# Wife is wanting a Jeep



## t-astragal

So my wife has started wanting a Jeep Wrangler 4 dr. I'm excited to get her one too. How lucky can I be? 

I've never had one and never driven one either. We will use it daily in town and eventually figure out where to go for off road fun. So I have a few questions that I figured you guys can help with. 

A/C & heat? They seem like they would be drafty especially with a soft top. How comfortable are they in mis summer and winter? 

Hard top or soft? Since its a daily driver I'm liking hard top but she likes the soft top. 

We both like the rubicon model but its more money of course. Is it worth it's price?

How dependable are Jeeps? I'm not talking about tearing them up off road. I mean just normal driving. I've hot a 04 f250 gas that has 270k on it and I haven't done much as far as repairs go. I like the idea of a well built vehicle that runs without a lot of trips to the shop. 

I'm in college station. Are there places to explore nearby? 

Sorry for all the newbie questions. And thanks in advance!


Steve


----------



## YamahaFan

t-astragal said:


> So my wife has started wanting a Jeep Wrangler 4 dr. I'm excited to get her one too. How lucky can I be?
> 
> I've never had one and never driven one either. We will use it daily in town and eventually figure out where to go for off road fun. So I have a few questions that I figured you guys can help with.
> 
> A/C & heat? They seem like they would be drafty especially with a soft top. How comfortable are they in mis summer and winter?
> 
> Hard top or soft? Since its a daily driver I'm liking hard top but she likes the soft top.
> 
> We both like the rubicon model but its more money of course. Is it worth it's price?
> 
> How dependable are Jeeps? I'm not talking about tearing them up off road. I mean just normal driving. I've hot a 04 f250 gas that has 270k on it and I haven't done much as far as repairs go. I like the idea of a well built vehicle that runs without a lot of trips to the shop.
> 
> I'm in college station. Are there places to explore nearby?
> 
> Sorry for all the newbie questions. And thanks in advance!
> 
> Steve


Soft tops are noisy on the freeway but if you like the open air feeling of no top it is easier to remove. Hard top is quieter and less worry about thievery and you can still remove it.

I think AC in Texas is a no brainer no matter which top you have.

I don't recommed the Rubicon for use around here. The lockers are great but the low geared transfer case is for rock crawling not mud. That $4k is much better spent elsewhere.
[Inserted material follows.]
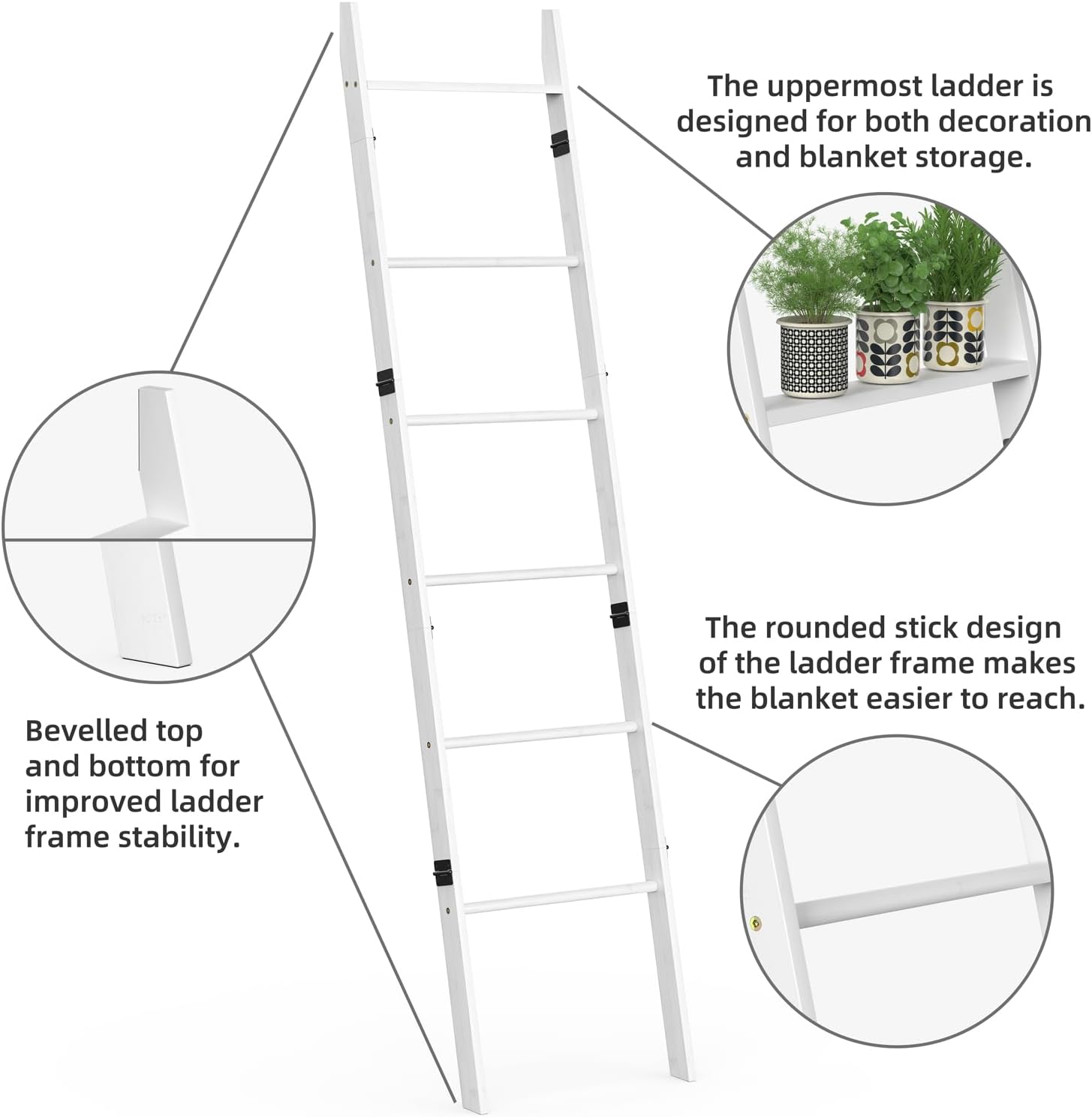 - Grosszügige Stauraumlösung: Mit 6 robusten Sprossen bietet die Leiter reichlich Ablagefläche. Ideal zum Aufhängen mehrerer Handtücher, zur Präsentation von Decken, Schals oder als schicker Kleiderständer für tägliche Outfits.

Now, if you have plans to go play in Colorado or Utah then the Rubicon is the only way to go.

Most late model Jeeps have a pretty good reputation for dependability. If you are going new you will like the power of the new 3.6 paired with the 5 sp. auto transmission. My 2012 model had a couple small issues that were taken care of under warranty and I would still be driving it if the dealership had made a better impression.

My sport model had the tow package upgrade with 3.73 gears, limited slip and 32" tires. I had no problems towing my bay boat or getting around the deer lease.
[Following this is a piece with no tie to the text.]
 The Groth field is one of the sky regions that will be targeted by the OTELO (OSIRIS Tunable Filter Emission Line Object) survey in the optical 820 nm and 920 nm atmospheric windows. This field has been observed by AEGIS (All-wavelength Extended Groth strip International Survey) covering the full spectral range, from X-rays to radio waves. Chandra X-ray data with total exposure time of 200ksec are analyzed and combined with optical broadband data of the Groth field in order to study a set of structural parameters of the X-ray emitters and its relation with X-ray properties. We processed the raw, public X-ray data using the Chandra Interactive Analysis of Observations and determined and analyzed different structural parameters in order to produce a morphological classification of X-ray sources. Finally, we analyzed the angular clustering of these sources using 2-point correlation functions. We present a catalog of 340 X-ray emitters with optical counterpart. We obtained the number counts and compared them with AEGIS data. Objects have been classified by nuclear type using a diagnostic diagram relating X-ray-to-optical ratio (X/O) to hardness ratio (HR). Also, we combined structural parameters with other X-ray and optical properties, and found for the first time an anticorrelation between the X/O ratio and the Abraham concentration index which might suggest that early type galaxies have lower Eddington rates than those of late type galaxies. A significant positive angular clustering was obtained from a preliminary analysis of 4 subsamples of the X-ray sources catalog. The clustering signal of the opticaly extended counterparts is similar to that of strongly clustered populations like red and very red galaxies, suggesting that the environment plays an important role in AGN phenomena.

Good luck and have fun with whatever you choose.


----------



## BadBob

make sure you get the 3.73s beacause your gonna end up with bigger tires if getting the sport


----------



## 1995nscajeep

It sounds like you should look at the dual top option. it includes both a hard and soft top. I have it and love it hardtop during winter and soft for summer.
I believe the towing package includes 3.73s and you most defiantly want them.
The Rubicon could save you money in the long run if you start doing serious mods but it sounds like your use for it doesnt require it.
Jeeps are worst than crack once you get into it. you'll keep wanting to add more and more
MAKE SURE SHE WAVES


----------



## ibtbone

1995nscajeep said:


> It sounds like you should look at the dual top option. it includes both a hard and soft top. I have it and love it hardtop during winter and soft for summer.
> I believe the towing package includes 3.73s and you most defiantly want them.
> The Rubicon could save you money in the long run if you start doing serious mods but it sounds like your use for it doesnt require it.
> Jeeps are worst than crack once you get into it. you'll keep wanting to add more and more
> MAKE SURE SHE WAVES


amen to the crack.
and yes, wave, man is shure bothers my wife when i wave, she does not get it, but 99% wave back. she tried to get the same responce in her pontiac!!! it never caught on.

i say get the jeep


----------



## BATWING

Jeep wranglers have come a long way but still are a straight up utility vehicle. Rough riding, lots of trips to the gas station etc. But they are fun and can trick them our pretty cool. 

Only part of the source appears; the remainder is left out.